With row compression, our gain is around 1.5% only. So we could definitely benefit from Page compression in this case.

 

Implementation:
So here we go with the implementation:

--Change the datatype from nvarchar(400) to varchar(400)
alter table [dbo].[Order_Details] alter column [Specifications] varchar(400) null

--Compress the clustered index using PAGE compression:
alter index all on [dbo].[Order_Details] rebuild with (fillfactor = 95, Data_Compression = PAGE, maxdop = 1)

--Compress the table using PAGE compression (Not necessary if the above step is done):
alter table [dbo].[Order_Details] rebuild Partition = All with (Data_Compression = PAGE, maxdop = 1)



Testing:

Now let's run our script again to see the row density and table sizes:

/*******************************
NAME : Table Size script.
Author : Suresh K Maganti
Purpose: Get Pages, pages per row, Table size for each table. Find large tables with low row-density.
********************************/
if OBJECT_ID('tempdb..#TEMP') is not null
drop table #TEMP

create table #TEMP (Table_Name varchar(100) null
,Pages int null
,Rows_Per_Page decimal(28,4) null
,Rows_in_Table as convert(decimal(28, 0), Pages * Rows_Per_Page)
,Table_Size_MB as convert(decimal(28, 0), (convert(decimal(28,2), Pages) * 8192.00) / (1024.00 * 1024.00)))


insert into #TEMP (Table_Name, Pages, Rows_Per_Page)
exec sp_msforeachtable 'select ''?'', count (Page_Number) Numer_of_Pages_in_Table, isnull(Avg (isnull(convert(decimal(28, 4), Rows_Per_Page), 0.0000)), 0.0000) Avg_Rows_Per_Page
from
(select substring(SUBSTRING(File_Page_Row, CHARINDEX('':'', File_Page_Row, 1) + 1, 100), 1, charindex('':'', SUBSTRING(File_Page_Row, CHARINDEX('':'', File_Page_Row, 1) + 1, 100), 1)-1) Page_Number, COUNT(1) Rows_Per_Page
from
(select sys.fn_PhysLocFormatter (%%physloc%%) File_Page_Row from ?) a
group by substring(SUBSTRING(File_Page_Row, CHARINDEX('':'', File_Page_Row, 1) + 1, 100), 1, charindex('':'', SUBSTRING(File_Page_Row, CHARINDEX('':'',

File_Page_Row, 1) + 1, 100), 1)-1)) b'



select * from #TEMP
order by 2 desc, 3 asc

if OBJECT_ID('tempdb..#TEMP') is not null
drop table #TEMP



Here is the result set:

Table_Name Pages Rows_Per_Page Rows_in_Table Table_Size_MB
----------------------------------- ------------- ------------------------ ----------------------- ---------------
[dbo].[Order_Details] 51103 68.7081 3511190 399
[dbo].[Order_Master] 3345 83.1629 278180 26
[dbo].[Customer_Details] 2376 526.0118 1249804 19
[dbo].[Customer_Master] 358 404.1006 144668 3
...

Please note that for the table, [dbo].[Order_Details] the row density(rows per page) has gone up from 35 to 68 now. At the same time, the table size itself has come down from 783MB to 399MB, a saving of almost 50% disc space. But that is not all. Let's try to compare the statistics before and after our changes to the Order_Details table by simply getting its rowcount using the following code:

set statistics io on
set statistics time on
set statistics profile on

select COUNT(1) from dbo.Order_Details with (nolock)

set statistics io off
set statistics time off
set statistics profile off

 

Before changes:
Table 'Order_Details'. Scan count 3, logical reads 79825, physical reads 0, read-ahead reads 0, lob logical reads 0, lob physical reads 0, lob read-ahead reads 0.
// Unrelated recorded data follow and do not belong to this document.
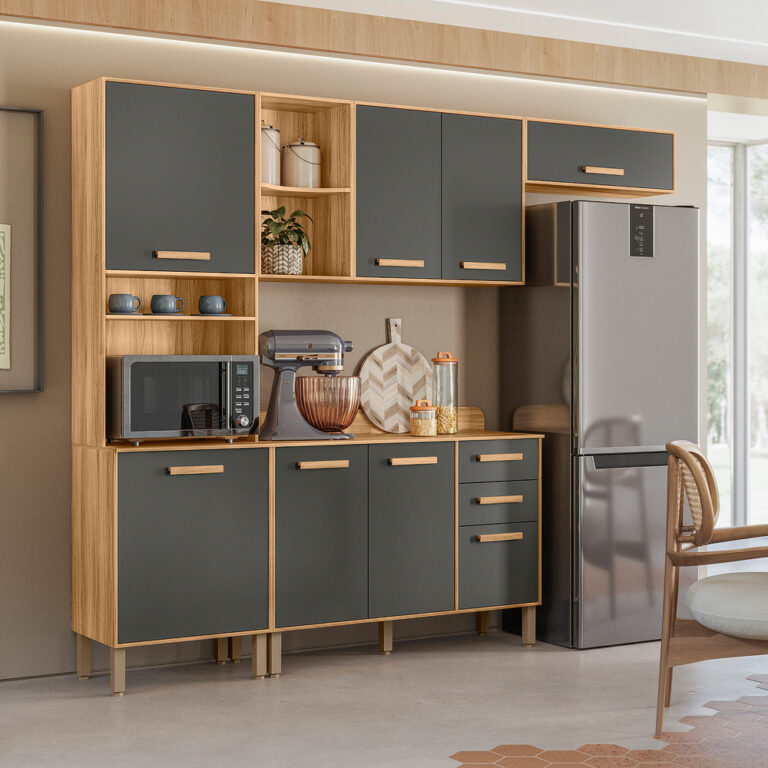 Cozinha Maria Flor Freijó/Chumbo – NICIOLI – 2.60m
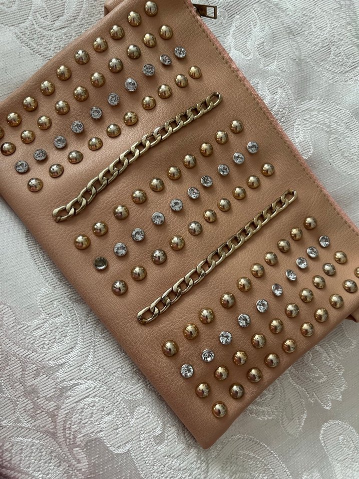 Bej renkte, zincir detaylı ve işlemeli parlak zımbalarla süslenmiş deri kadın çantası. Rock punk tarzıyla göz alıcı ve günlük kullanıma uygun. ✨ hafif solma var
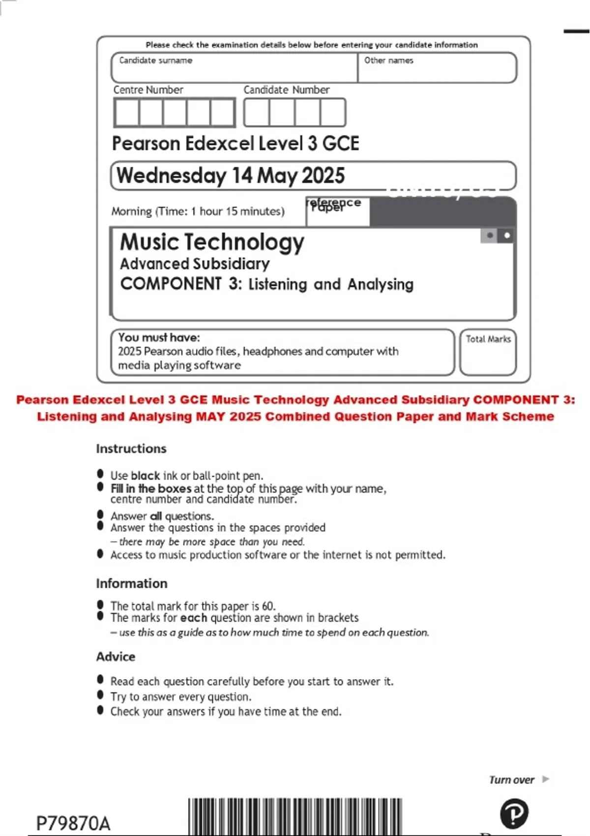 Pearson Edexcel Level 3 GCE Music Technology Advanced Subsidiary COMPONENT 3: Listening and Analysing MAY 2025 Combined Question Paper and Mark Scheme
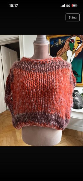 Tröja i en blandning av orange, rött och lila. Designen har en lös passform med korta ärmar och en rund halsringning. Stickningen är grov och ger plagget en luftig textur.
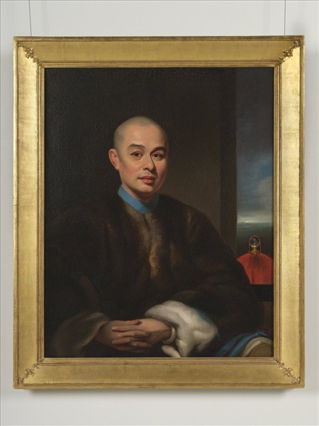 畫布背後註記「JKW Johnstone/26th April/1834」,配上原始畫框。畫中男子身著皮草外套,以四分之三側身坐姿面對觀者,右側桌上可見一頂紅色清朝官帽,官帽上繪製白色透明頂珠(清朝五品官象徵),上方露出部分的開窗,透過窗戶望出去,對比明顯的雲彩使空間瞬然展開。 傅樂治指出林呱即關喬昌。呱為官的別音(但廣東東省文史館司芳女士則認為可能源於粵音館)。此外,依1835年《廣州紀事報》的資料林呱為Geroge Chinney(1774-1852)的學生。Chinney於1825年移居澳門友人Christopher Fearon家,據Fearon家人的口頭傳說,當時關喬昌正在Fearon家做僕人。Chinney的畫風以奔放的筆觸、明亮的顏色、強烈的對比為主要特徵,被稱為華麗樣式(英國皇家美術院、美國Apollo Club、波士頓圖書館)。美國商人Forbes在回憶錄(Personal Reminiscences)提及他曾請Chinney畫像,然後又把這幅肖像送到Lamqua的畫肆複製。香港藝術博物館藏有他1853年所作自畫像,自題52歲作於1853年。
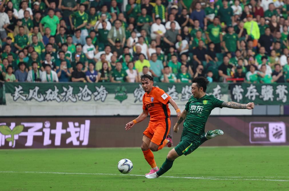 第38分鐘,老將王剛在右路突入禁區(qū)后勁射破門,幫助北京國(guó)安取得兩球領(lǐng)先。上半場(chǎng)補(bǔ)時(shí)階段,北京國(guó)安乘勝追擊,外援古加在禁區(qū)內(nèi)推射,再入一球。
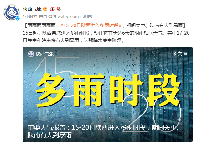 9月12日,陜西省氣象臺發(fā)布重要天氣報告,15-20日陜西進(jìn)入多雨時段
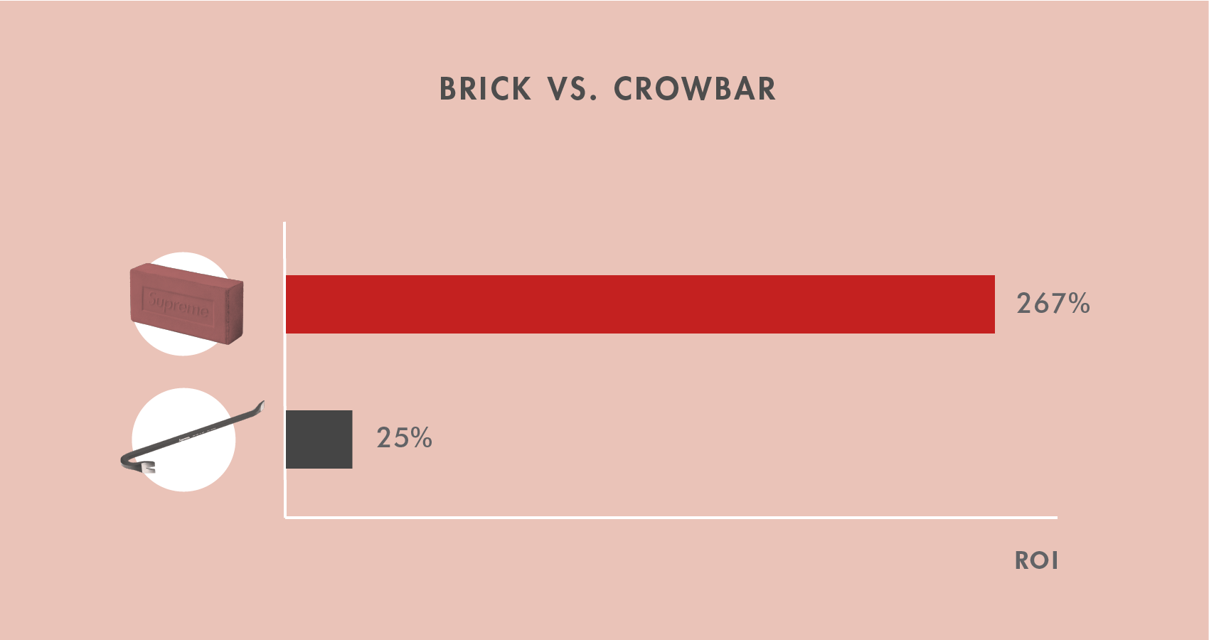 Rule 5: Even if you follow these rules completely, there will be surprises. Why is a motorcycle helmet listed for $2,000 at Stadium Goods, our favorite reselling store? Why did a brick—which seems to break several of the cardinal rules of Supreme investment—become a better investment than a crowbar? Because the world is not fully predictable. A world ruled in part by teens, even less so.
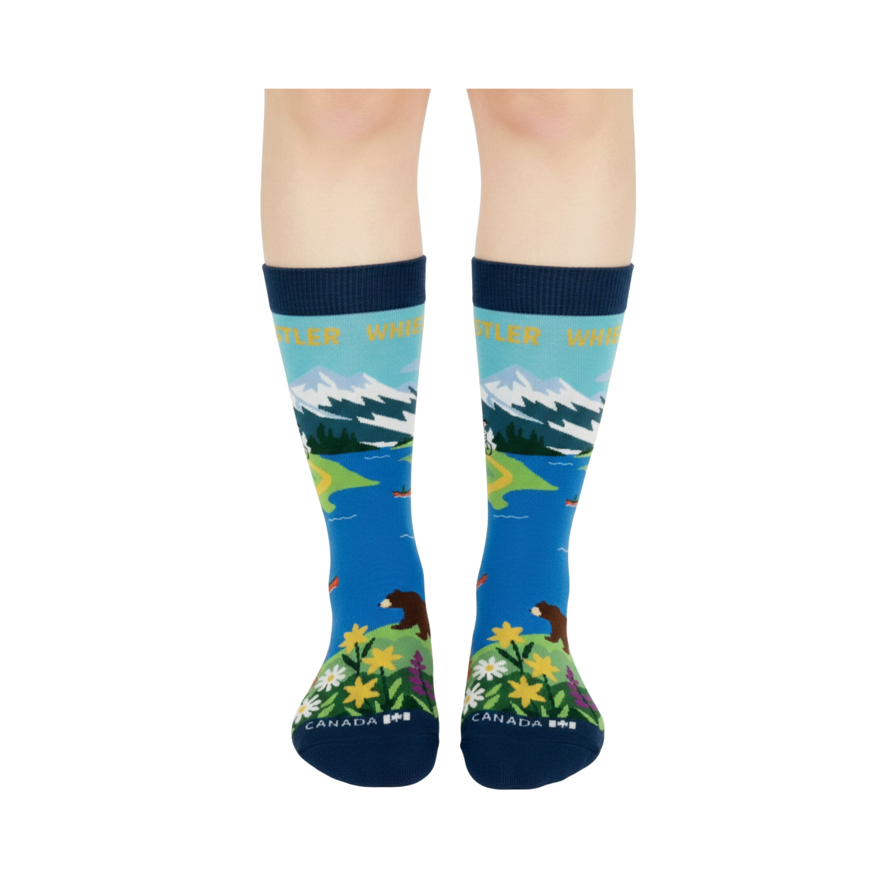 Celebrate alpine scenery and outdoor spirit with these Whistler Scenic Mountain Crew Socks. Inspired by Whistler’s mountain landscapes and lake surroundings, the design brings together snow-capped peaks, calm blue water, forested hills, and wildlife details in a clean and playful illustrated style. The composition reflects the balance between adventure and tranquility that defines mountain destinations.
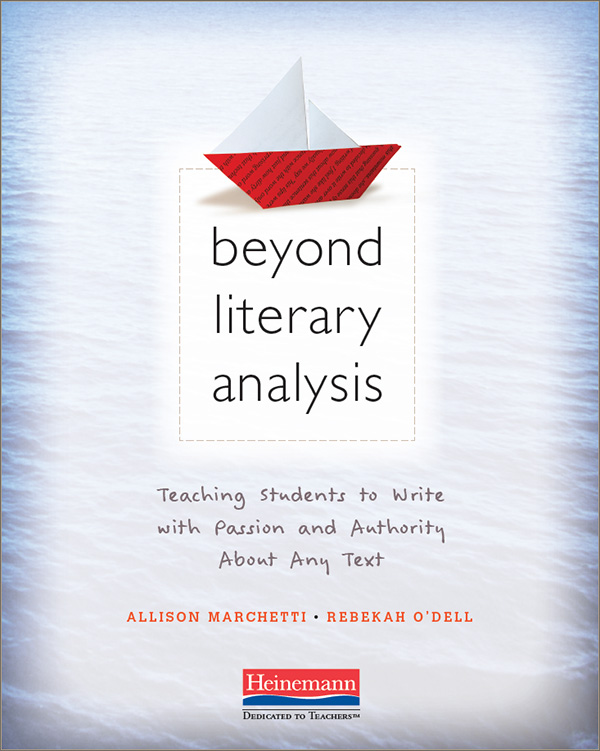 “As tour guides to a brave new world, Rebekah O’Dell and Allison Marchetti reject the well-worn path of literary analysis and guide teachers to a vibrant new analytical landscape. By reframing the idea of text as anything that has a beginning, middle, and end, O’Dell and Marchetti entertain a “bigger vision for analysis,” that helps students find their passion, explore their ideas, assert authority, and build solid structures for writing. Divided into three sections, the book offers an inquiry into traditional analysis, a compendium of practical lessons, and an exploration of sub-genres, such as writing about movies, music, sports, and video games. In addition, this book is chock full of dynamic mentor texts and classroom-ready techniques that will free your students to explore the vistas vital to their lives.”—Liz Prather, author of Project-Based Writing

SQL Server Execution Times: CPU time = 500 ms, elapsed time = 247 ms.

After changes:

Table 'Order_Details'. Scan count 3, logical reads 51193, physical reads 0, read-ahead reads 0, lob logical reads 0, lob physical reads 0, lob read-ahead reads 0.

SQL Server Execution Times: CPU time = 483 ms, elapsed time = 241 ms.

 

You may note that the logical reads have come down by almost 36%. CPU time has reduced only marginally because there is a storage overhead due to compression. However reduction in logical reads enhances performance when this same table is joined with other tables.

Conclusion:

Required Design changes can be ascertained by our script.
Implemenation of optimal datatypes and appropriate compression level could reduce the disc space usage by around 50% and logical reads by around 36%. (Please note that these results could vary by tables depending on the datatypes and characteristics of the columns within the tables.)
Different studies show an increase in CPU utilization by 1% to 2% due to compression (not in our specific case though). So please do test and verify your improvements before implementation.

Friday, June 25, 2010

Database File Usage & Growth

In this article, I would focus on finding empty claimable spaces within databases. Once found, the space can be claimed back using various methods which we would discuss in a later article.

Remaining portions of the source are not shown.